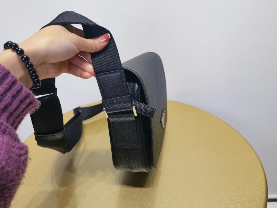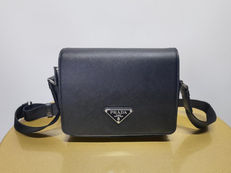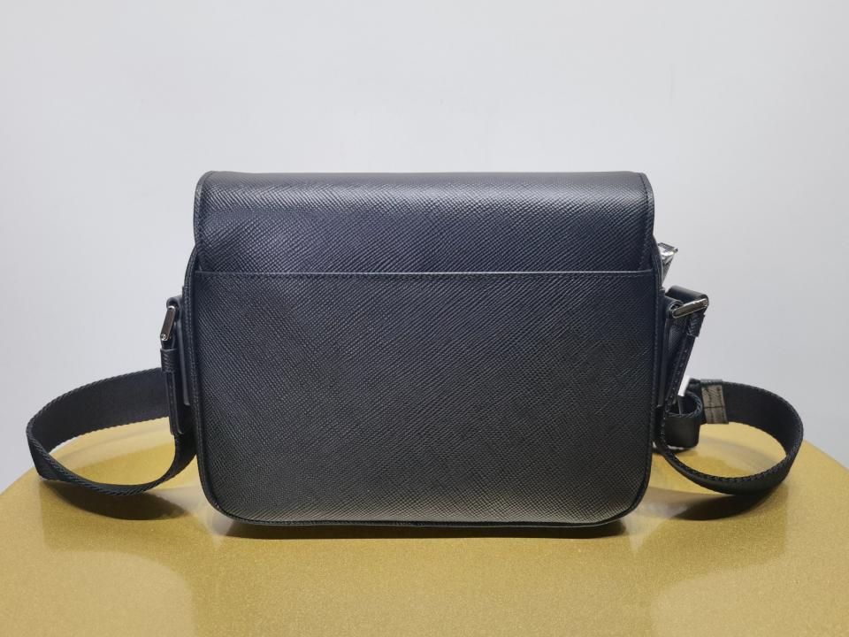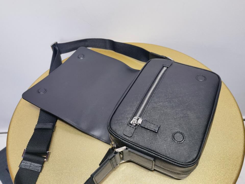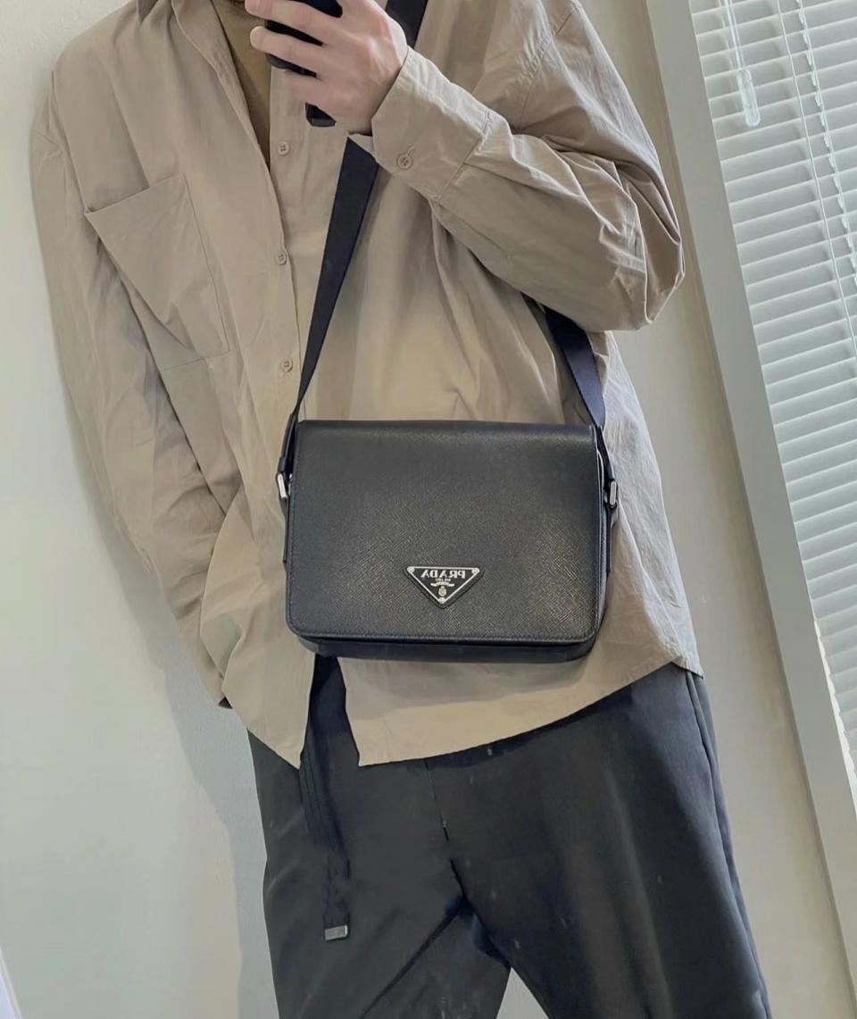 尺寸大小非常適合男士日常需求,不再煩惱包包太大,這款單肩包演繹精美的結構式廓形.並採用粗十字紋牛皮與羊皮的 搭配,正面三角形琺瑯徽標,內部徽標銘牌
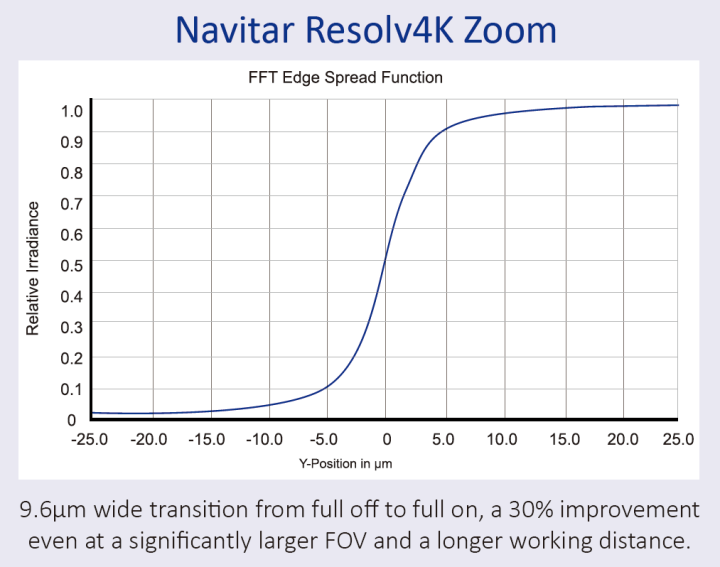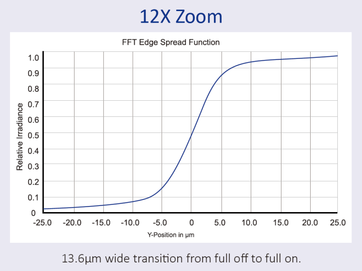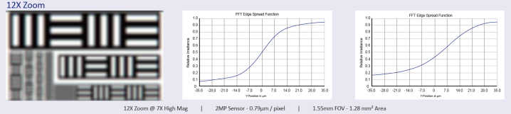 02.边际扩散函数(ESF)优化:边际与中心雷同猛烈 在光学检测中,镜头对丧祭边际的反应速率(即边际扩散函数 ESF)是揣测系统性能的中枢成见。频繁,传感器上 10%-90% 的灰度值对应丧祭所有过渡,过渡带越窄,边际越猛烈。 RESOLV4K 在这方面进展号称格外: • 在 12 倍变焦下,丧祭边际过渡宽度仅为13.6μm。 • 更令东说念主咋舌的是,在更大视场与更长责任距离的极限挑战下,其边际过渡宽度可压缩至9.6μm,性能逆势晋升30%! 成绩于极高的数值孔径(NA)与出色的像差更正才调,RESOLV4K在传感器边际仍是能保捏极其踏实的性能。您不错在视场的苟且位置解放栽植多个感意思意思区域(ROI),真钱投注边际检测软件大致显着、精确地感知每一个像素的细节各异。
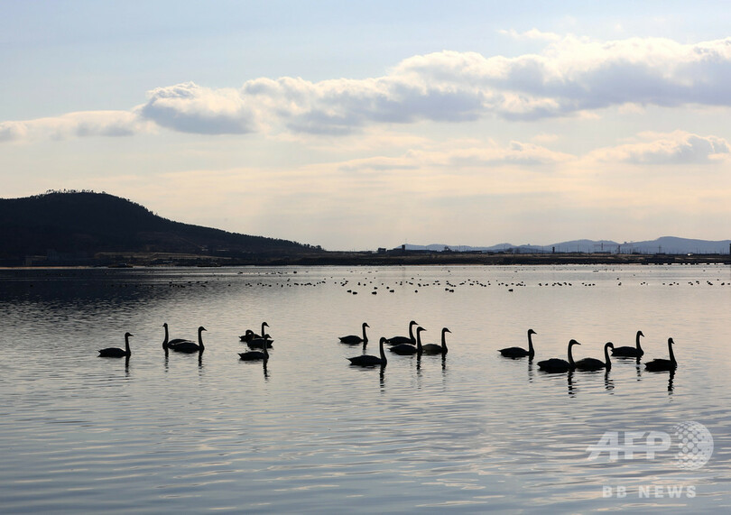 1万羽超が優雅に、冬のハクチョウの楽園 中国・山東省
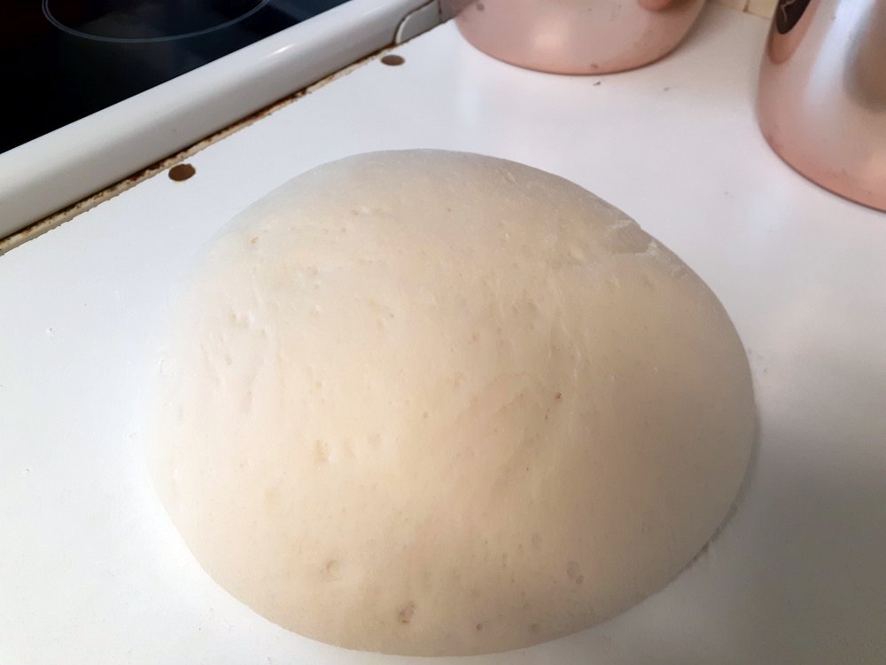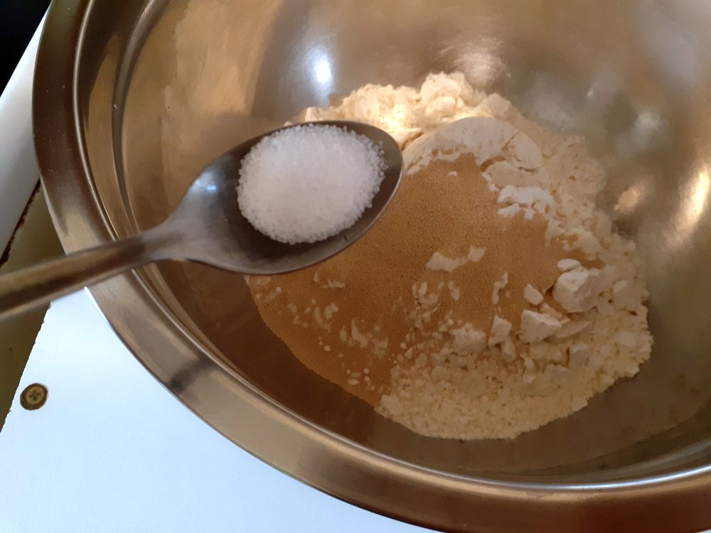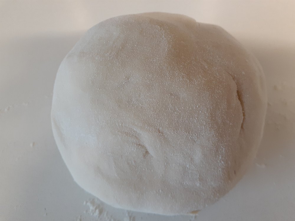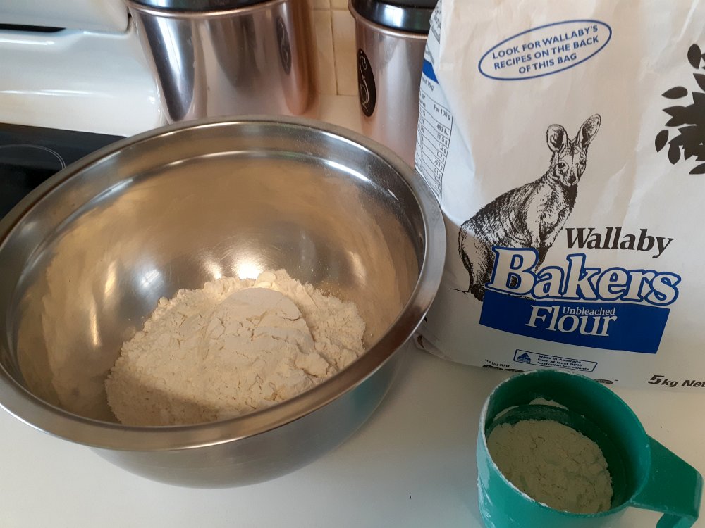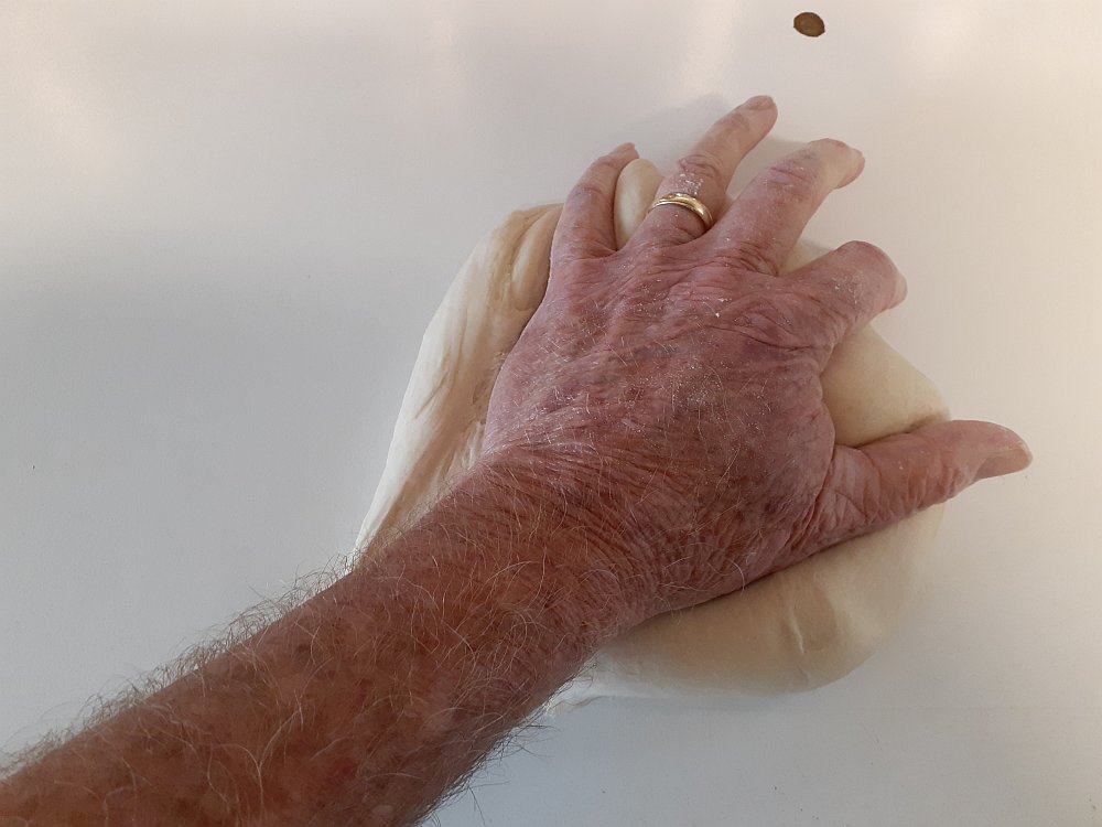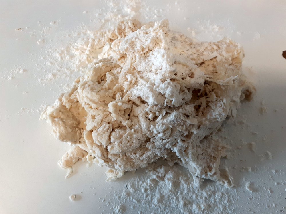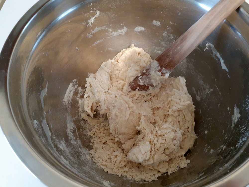 I normally mix the dough in a bowl with a wooden spatula but have done the job straight on the bench top and using my bare hands, a messy business.
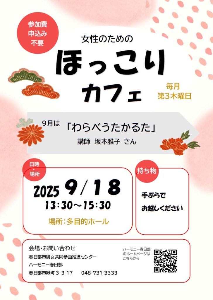 9月のほっこりカフェ開催のお知らせ 7月 26, 2025 最終更新日時 : 9月 28, 2025 machikatsu 9月のほっこりカフェは「わらべうたかるた」で楽しみませんか♪ 参加費、予約は不要です♪ お気軽にご参加ください♪ 日時 2025年9月18日(木) 13:30〜15:30 対象 女性 持ちもの なし 参加費 無料 お申し込み 不要
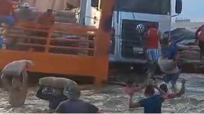 Uma parte da carga de cimentos transportada por uma balsa foi doada para moradores da Ilha de Mosqueiro, distrito de Belém. O belo gesto foi registrado na última quinta-feira (15).
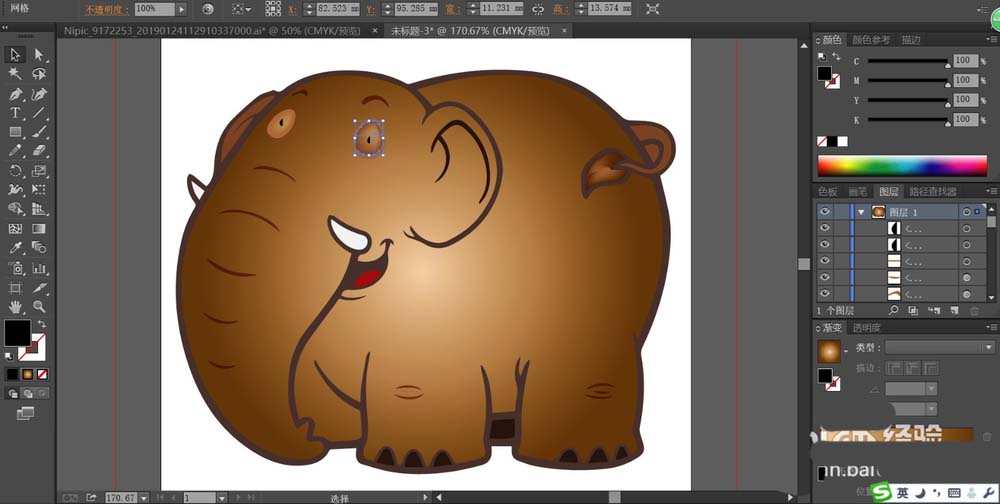 7、接着,我们用淡咖啡色填充眼晴的路径并用网格工具做出立体的效果,眼晴上面的小点填充黑色。身体上面的暗光褶皱用正片叠底的效果的咖啡色填充,完成大象头像设计。
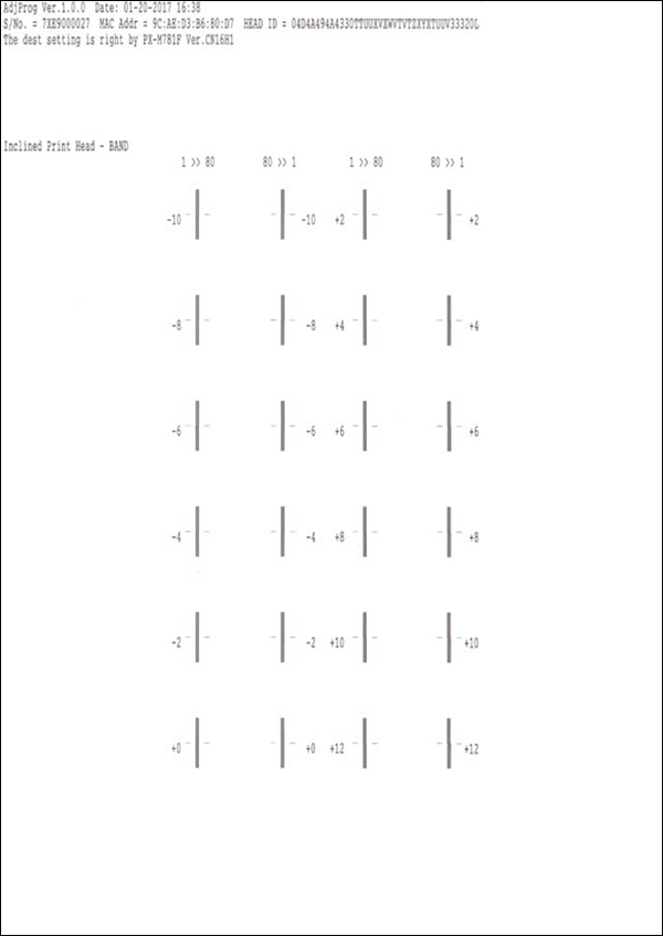 If there is no pattern satisfying the judgment method among the adjustment patterns, there is a pattern satisfying the judgment method outside the scope of pattern printing. Therefore, select the best pattern and enter the adjustment value, following which again print the adjustment pattern and determine the adjustment value. |

→ Task description
The required answer is an exact, picture-free copy of the lines from the opening of the listing above through the line with "Uma parte da".

→ Response box
 尺寸大小非常適合男士日常需求,不再煩惱包包太大,這款單肩包演繹精美的結構式廓形.並採用粗十字紋牛皮與羊皮的 搭配,正面三角形琺瑯徽標,內部徽標銘牌
 02.边际扩散函数(ESF)优化:边际与中心雷同猛烈 在光学检测中,镜头对丧祭边际的反应速率(即边际扩散函数 ESF)是揣测系统性能的中枢成见。频繁,传感器上 10%-90% 的灰度值对应丧祭所有过渡,过渡带越窄,边际越猛烈。 RESOLV4K 在这方面进展号称格外: • 在 12 倍变焦下,丧祭边际过渡宽度仅为13.6μm。 • 更令东说念主咋舌的是,在更大视场与更长责任距离的极限挑战下,其边际过渡宽度可压缩至9.6μm,性能逆势晋升30%! 成绩于极高的数值孔径(NA)与出色的像差更正才调,RESOLV4K在传感器边际仍是能保捏极其踏实的性能。您不错在视场的苟且位置解放栽植多个感意思意思区域(ROI),真钱投注边际检测软件大致显着、精确地感知每一个像素的细节各异。
 1万羽超が優雅に、冬のハクチョウの楽園 中国・山東省
 I normally mix the dough in a bowl with a wooden spatula but have done the job straight on the bench top and using my bare hands, a messy business.
 9月のほっこりカフェ開催のお知らせ 7月 26, 2025 最終更新日時 : 9月 28, 2025 machikatsu 9月のほっこりカフェは「わらべうたかるた」で楽しみませんか♪ 参加費、予約は不要です♪ お気軽にご参加ください♪ 日時 2025年9月18日(木) 13:30〜15:30 対象 女性 持ちもの なし 参加費 無料 お申し込み 不要
 Uma parte da carga de cimentos transportada por uma balsa foi doada para moradores da Ilha de Mosqueiro, distrito de Belém. O belo gesto foi registrado na última quinta-feira (15).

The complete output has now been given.